Each year we delay action to control global emissions increases the risk of unavoidable consequences that will likely necessitate even steeper reductions in the future, causing potentially greater economic, environmental and social disruption.
The shift to a low-carbon economy will create significant business opportunities. New markets for low-carbon technologies and products, worth billions of dollars, will be created if the world acts on the scale required.
In summary, we believe that tackling climate change is the pro-growth strategy. Ignoring it will ultimately undermine economic growth.

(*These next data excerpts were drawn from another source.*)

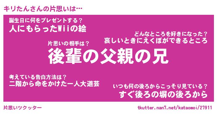 | 意味不明あだ名 | 『ペロリンキリたん』『永久保存キリたん』 |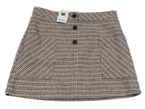 • Nové - smetanovo-černo-vínovo-starorůžová kostkovaná/vzorovaná vlněná sukně se třpytkami St. Bernard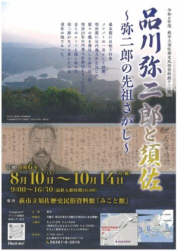 現在、須佐歴史民俗資料館「みこと館」(山口県萩市)において令和6年度 萩市立須佐歴史民俗資料館テーマ展「品川弥二郎と須佐 ~弥二郎の先祖さがし~」が開催中です。10月14日(月・祝)まで。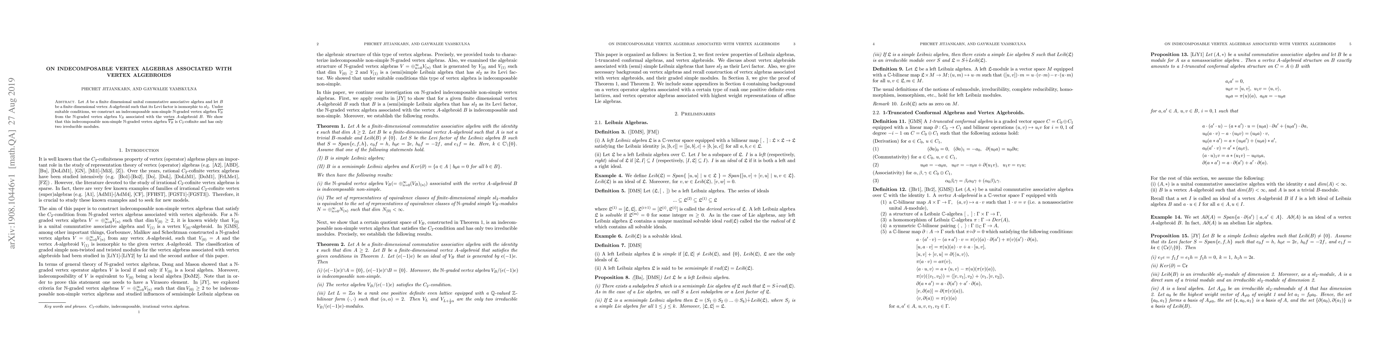 Let $A$ be a finite dimensional unital commutative associative algebra and let $B$ be a finite dimensional vertex $A$-algebroid such that its Levi factor is isomorphic to $sl_2$. Under suitable conditions, we construct an indecomposable non-simple $\mathbb{N}$-graded vertex algebra $\overline{V_B}$ from the $\mathbb{N}$-graded vertex algebra $V_B$ associated with the vertex $A$-algebroid $B$. We show that this indecomposable non-simple $\mathbb{N}$-graded vertex algebra $\overline{V_B}$ is $C_2$-cofinite and has only two irreducible modules.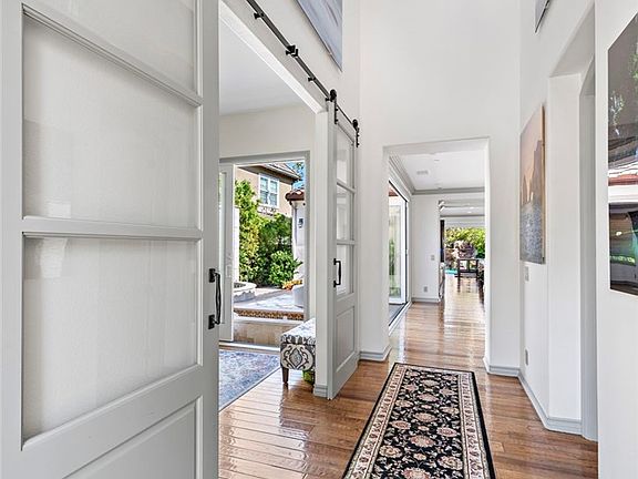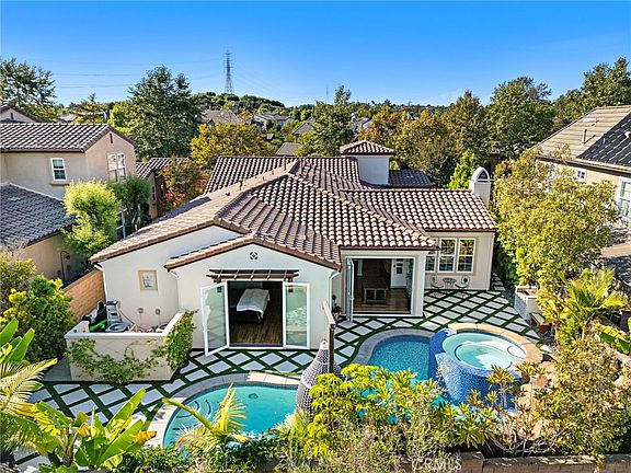 Offering the preferred style and ease of living that accompanies a large SINGLE-STORY Floor plan this highly upgraded Ladera Ranch home is ready to enrich your lifestyle. Set within the exclusive Amarante neighborhood in guard-gated Covenant Hills, the luxurious residence impresses at first sight with handsome Spanish architecture, picture-perfect landscaping and custom hardscaping. A towering entry proudly introduces an open and bright living environment that includes three ensuite bedrooms and three- and one-half baths in approximately 2,750 square feet. Formal living and dining rooms open via glass doors to a courtyard with two custom fountains, creating a private place for elegant entertaining. The family room also opens to the courtyard and displays a fireplace with custom mantle. The kitchen is breathtaking, complete with an island with bar seating, quartz countertops, a custom tile backsplash, white cabinetry, deluxe stainless steel appliances, and a fabulous breakfast room with glass accordion doors sliding away to the backyard. A rotunda vestibule leads to a primary suite that hosts backyard access, a paneled accent wall, tray ceiling, leaded-glass windows over a soaking tub, separate vanities and a spacious shower. One secondary bedroom showcases a large arched window, and further embellishments throughout the home include hardwood flooring, crown molding, built-ins, custom closets and an attached two-car garage. Make a splash in the backyard, where a resort pool with rockscape water slide features a raised spa, and a built-in BBQ and large patios with turf-inlaid concrete enhance entertaining. Enjoy access to Covenant Hills’ opulent clubhouse, pool and tennis courts as well as Ladera Ranch’s numerous other pools, club houses and parks. Oso Grande Elementary School, aquatic and skate parks are a short stroll away and shopping centers and trails are close to home. Founders Park is home to a weekly farmers market, Ladera Ranch’s annual Spring Festival, and Fourth of July fireworks.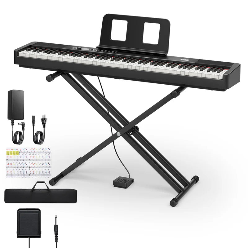 【Calidad de sonido mejorada】Este teclado de piano portátil transmite un audio excepcional a través de sus dos altavoces de 25W, añadiendo profundidad y resonancia a tu música y garantizando una experiencia auditiva detallada y realista.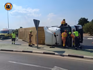 Un hombre de 42 años ha resultado herido al volcar el camión que conducía, que transportaba madera, en la carretera CV-33, a la altura de Albal (Valencia). El varón ha sido trasladado a un centro hospitalario, según ha informado el Consorcio Provincial de Bomberos de Valencia.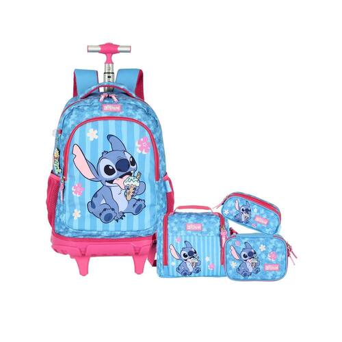 Kit mochila de rodinhas + lancheira térmica + estojo box + estojo triplo stitch & angel - floral azul e rosa, grande e super confortável a mochila de rodinhas stitch & angel é perfeita para quem quer estilo, praticidade e conforto na volta às aulas. Com design floral delicado, cores suaves e os personagens mais amados da disney, ela une fofura com funcionalidade de verdade. Características do produto Mochila de rodinha: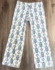 Elevate your wardrobe with these stunning Willi Smith women's pants in a beautiful geometric print of blue and beige. These trousers feature a relaxed fit and a flattering wide-leg design, making them perfect for any occasion, from workwear to outdoor adventures. Crafted from a high-quality blend of viscose and linen, these pants are both comfortable and durable. They come in size 8 with a 34-inch waist size and an inseam of 32 inches. The pants have a flat front, zip and button closure, and are easy to care for with hand washing. With their beachy, hippie, and bohemian vibe, these pants are sure to become a staple in your summer and spring wardrobe. ***Some stretch to the material but not on the waist line*** Waist-34" Hips-42" Inseam-32" Condition Preowned Good condition-***faint staining on one leg (hard to see)*** See pictures for details and measurements Please contact us with any questions or concerns. Thanks!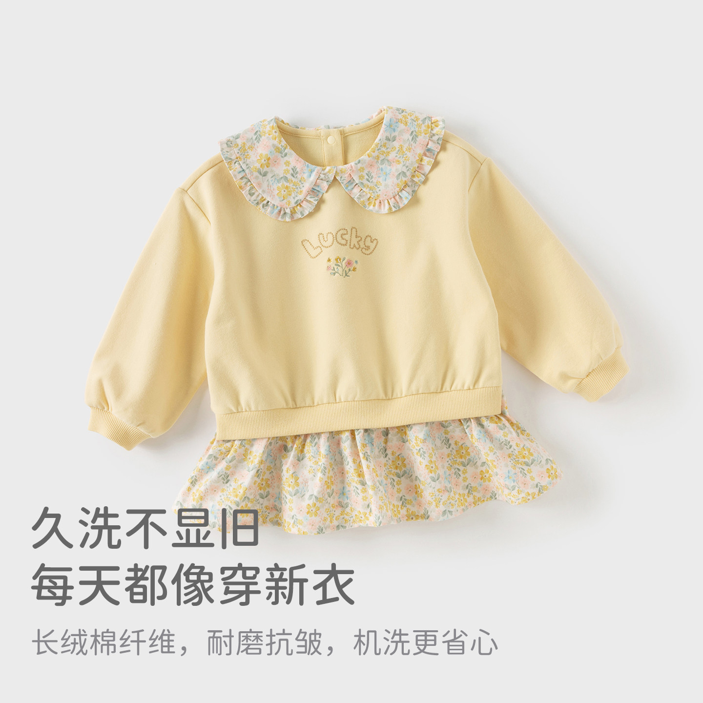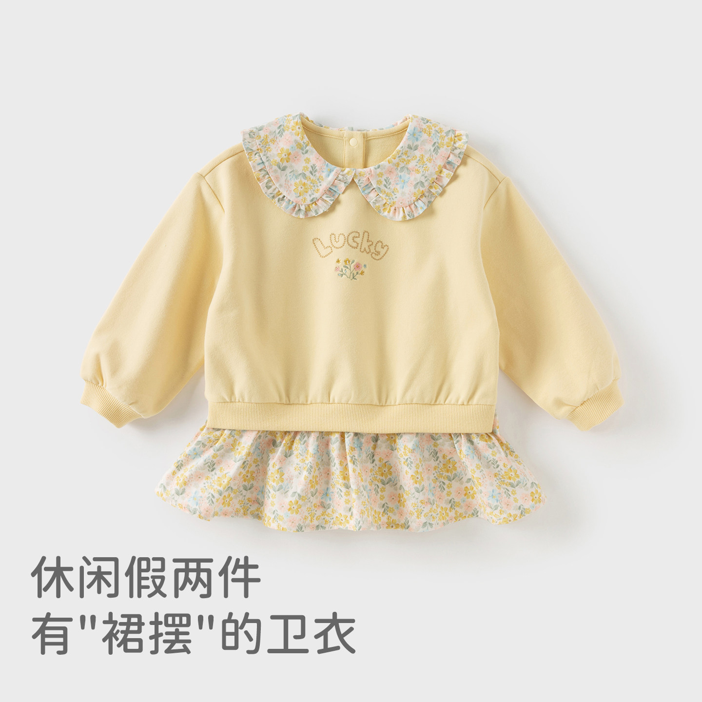 戴维贝拉女童连衣裙2026新款春秋儿童洋气卫衣裙小童宝宝拼接裙子

It is our view that a sufficiently ambitious, international and comprehensive legally binding United Nations agreement to reduce greenhouse gas emissions will provide business with the certainty it needs to scale up global investment in low-carbon technologies. We believe that an enhanced and extended carbon market needs to be part of this framework as it offers the necessary flexibility, allows for a cost-effective transition and provides financial support to developing countries.

In order to avoid dangerous climate change, the overall targets for emissions reduction must be guided primarily by science. Even an immediate peaking in global emissions would require a subsequent reduction of at least 50% by 2050, according to the Fourth Assessment Report of the Intergovernmental Panel of Climate Change, and the later the peak in emissions, the greater the required reduction. All countries will need to play their part but we recognise that the greatest effort must be made by those countries that have already industrialised.

At the United Nations Climate Change Conference in December in Bali, Indonesia, countries will have an opportunity to agree a work-plan of comprehensive negotiations to ensure such an agreement can be signed in Copenhagen in 2009, to come into force after 2012.

We urge world leaders to seize this window of opportunity.

In return, we pledge to engage positively with governments to help develop the policies and measures that are needed internationally and nationally for the business sector to contribute effectively to building a low carbon economy.